===== Source records =====

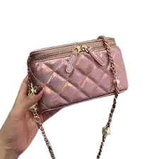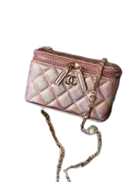 The Chanel Mini Vanity in Pink adds a soft and feminine touch to any ensemble. Its compact, boxy design with a top handle and chain strap combines style and functionality, providing enough space for daily essentials. The delicate pink hue gives a playful yet elegant vibe, perfect for day outings or special occasions.
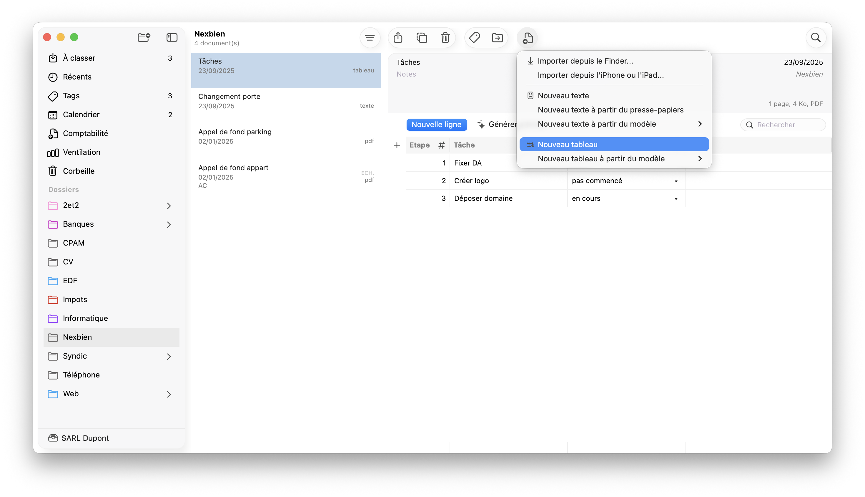 2. Créer un Nouveau Tableau : Dans la barre d'outils, cliquez sur la ligne intitulée "Nouveau tableau" (capture ci-dessous). Un tableau vierge sera alors créé dans le dossier sélectionné.
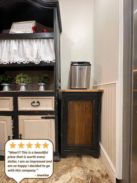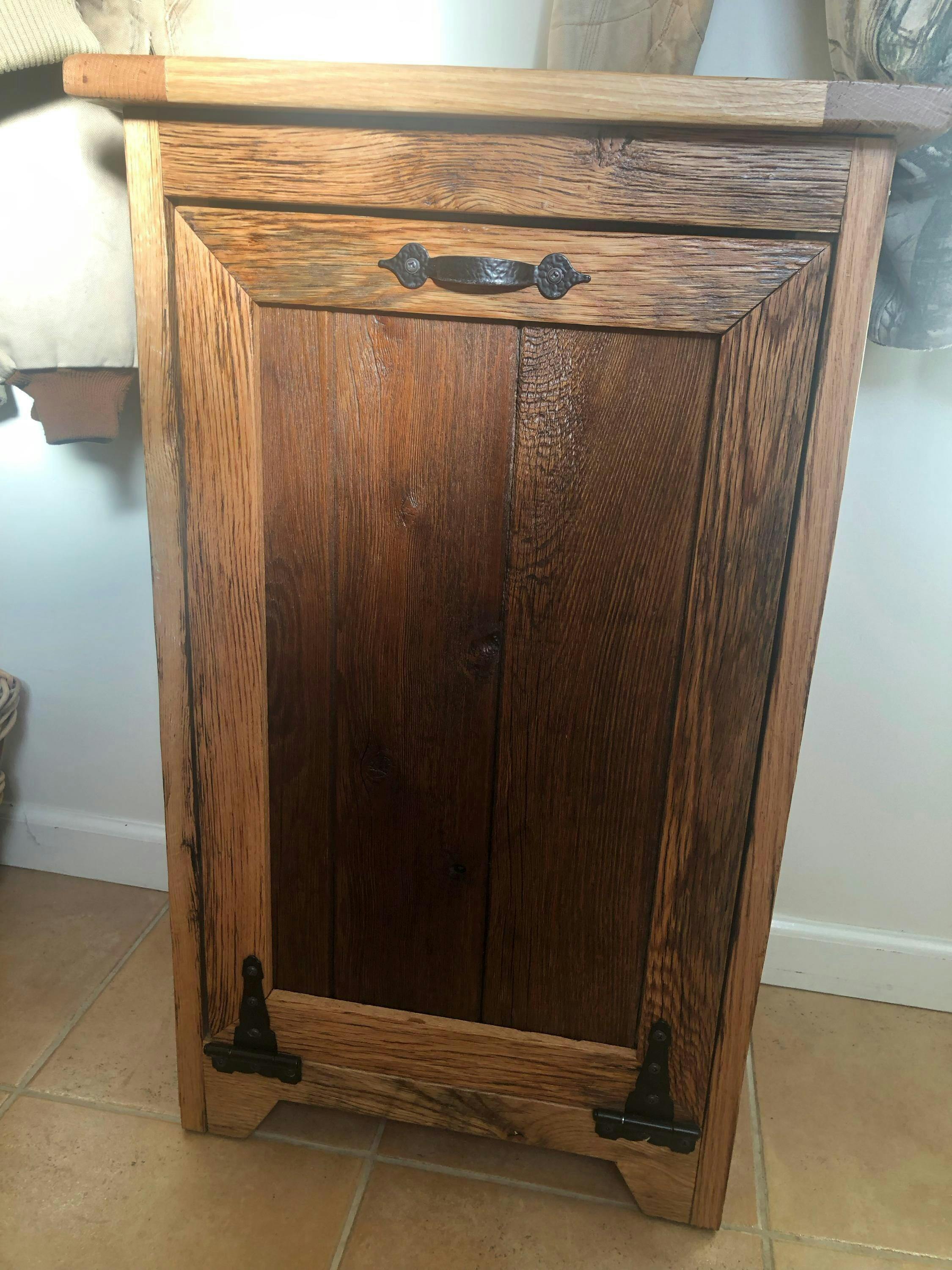 Wood trash bin, reclaimed, this amazing tilt out trash can cabinet is functional yet well-made to perfection using recycled material. Amish Handmade.
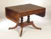 with satinwood crossbanding and boxwood stringing, the rectangular top with rounded angles above two frieze drawers and pair of ring turned baluster supports, on concave rectangular base with sabre legs, cast paw caps and castors
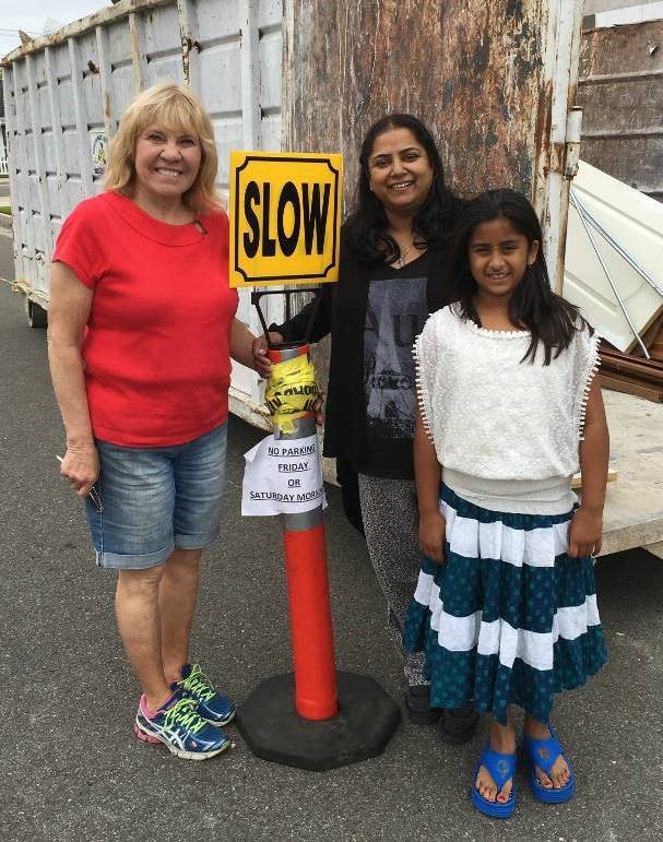 Linda, Reena and Gauri greet people at the Strasbourg dumpster. Published June 1, 2016 at 607 × 771 in Linda, Reena and Gauri greet people at the Strasbourg dumpster.
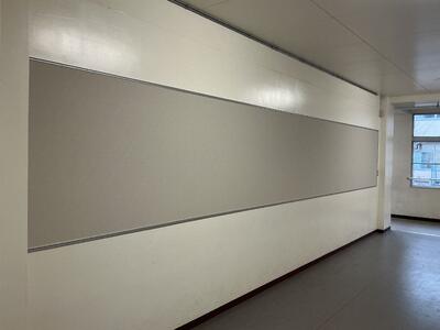3年生である47回生の皆さんからの卒業記念品として、校内に新しい掲示板が設置されました。場所は、1階のB棟とC棟をつなぐ渡り廊下です。生徒の皆さんが日々目にする場所であり、学校生活に関わるお知らせや作品紹介、進路情報など、さまざまな情報を共有する場として活用していく予定です。
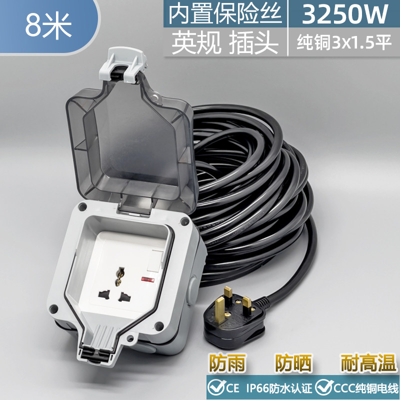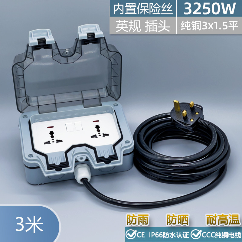 British Standard Hong Kong and Macau Outdoor Waterproof Power Strip Outdoor Power Supply Rainproof Socket Box Circuit Breaker Extension Cord
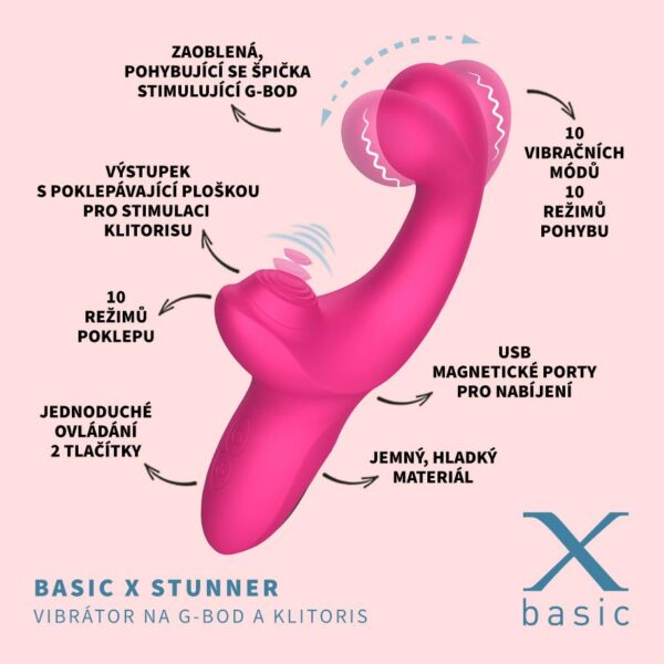 BASIC X Stunner vibrátor na G-bod a klitoris růžový
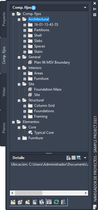 Categorías de componentes fijos en el Navegador de proyectos
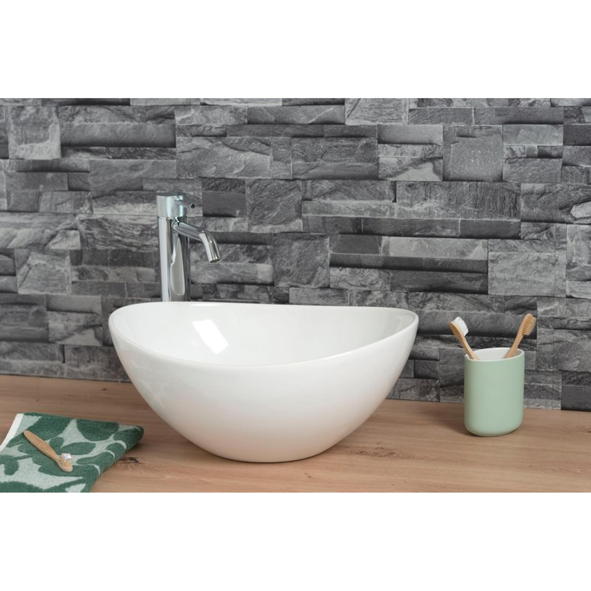 Cette vasque à poser ovale est fabriquée en céramique de haute qualité, un matériau réputé pour sa durabilité et sa facilité d’entretien dans la salle de bains. Sa surface lisse est hygiénique, facile à nettoyer et résistante à l’usage quotidien de l’eau, du savon et des accessoires de salle de bains. Grâce à ses dimensions 40,6x32,2x18,2, la vasque s’intègre parfaitement sur une grande variété de plans de toilette et de meubles vasques, ce qui vous offre une grande liberté dans l’aménagement de votre espace lavabo. La forme ovale assure un espace de rinçage confortable, tandis que l’encombrement réduit est idéal pour les salles de bains modernes où l’optimisation de l’espace est essentielle.

=====

■ Activity
Print the data above verbatim from the first line through the line holding "with satinwood crossbanding", leaving every picture out.

■ Answer to this problem
 The Chanel Mini Vanity in Pink adds a soft and feminine touch to any ensemble. Its compact, boxy design with a top handle and chain strap combines style and functionality, providing enough space for daily essentials. The delicate pink hue gives a playful yet elegant vibe, perfect for day outings or special occasions.
 2. Créer un Nouveau Tableau : Dans la barre d'outils, cliquez sur la ligne intitulée "Nouveau tableau" (capture ci-dessous). Un tableau vierge sera alors créé dans le dossier sélectionné.
 Wood trash bin, reclaimed, this amazing tilt out trash can cabinet is functional yet well-made to perfection using recycled material. Amish Handmade.
 with satinwood crossbanding and boxwood stringing, the rectangular top with rounded angles above two frieze drawers and pair of ring turned baluster supports, on concave rectangular base with sabre legs, cast paw caps and castors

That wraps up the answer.